The transport layer then tries to match a socket by:

destination IP
destination port
source tuple where relevant
namespace
socket options like SO_REUSEPORT

Socket receive queue¶

If a matching socket exists, data goes to the receive queue. Userspace then pulls it with:

recv
read
recvmsg
accept for connection setup path

If no listener exists¶

For TCP:

kernel usually replies with RST

For UDP:

packet is dropped; an ICMP unreachable may be generated depending on conditions

7. Forwarding path¶

If the packet is not for the local host and forwarding is enabled:

PREROUTING
  -> route says "forward"
  -> FORWARD
  -> POSTROUTING
  -> egress qdisc / driver
  -> NIC

`FORWARD`¶

This is the filtering point for routed transit traffic.

`POSTROUTING`¶

Typical uses:

SNAT / MASQUERADE
marks
final packet policy before egress

Why forwarding breaks in real life¶

Common reasons:

net.ipv4.ip_forward=0
firewall allows local input but not forwarding
reverse path filtering
missing route back
broken conntrack state
MTU issues
asymmetric routing

8. Bridge path¶

If Linux is acting as a bridge, frame processing can stay at layer 2.
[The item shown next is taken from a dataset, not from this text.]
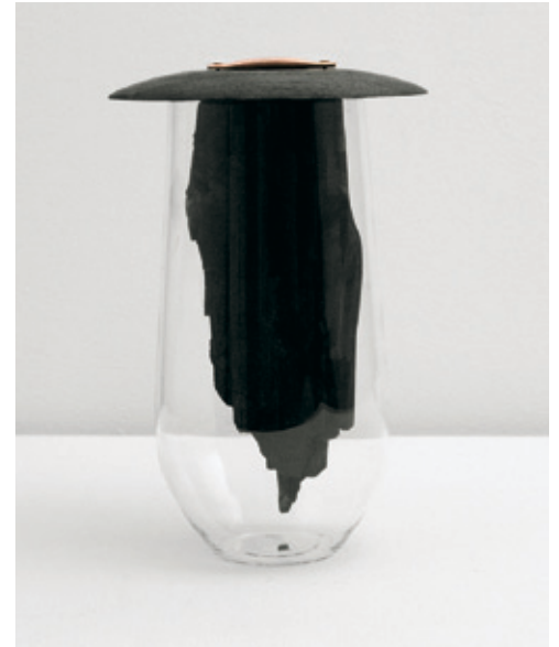
Charcoal: handgemachte Glasvase mit einem Einsatz aus Holzkohle / handmade glass vessel with charcoal insert, Formafantasma, Vitra Design Museum, 2012

2012 gegründet, unterstützt das cx die Lehre an der Akademie der Bildenden Künste München mit fachübergreifenden Projektarbeiten, Theorie-seminaren und interdisziplinären Vorträgen zu einem jährlich wechselnden Thema. „Macht des Materials / Politik der Materialität“ definierte dabei den Beschäftigungsschwerpunkt des ersten Jahres (form.de berichtete).

Bridge logic decides which port should receive a frame based on MAC learning and forwarding tables.

Important bridge features:

MAC learning
STP / RSTP behavior depending on setup
VLAN filtering
optional bridge netfilter interaction

Container networking often uses Linux bridges, so a lot of "container networking" is really just "Linux bridge plus veth plus NAT plus policy rules."

Transmit path in detail¶

1. Userspace writes to a socket¶

An application performs:

send
sendmsg
write
connect + write for TCP stream traffic

For TCP, the kernel manages:

connection state
retransmission
congestion control
segmentation
ACK processing

For UDP, the path is simpler: datagram in, datagram out.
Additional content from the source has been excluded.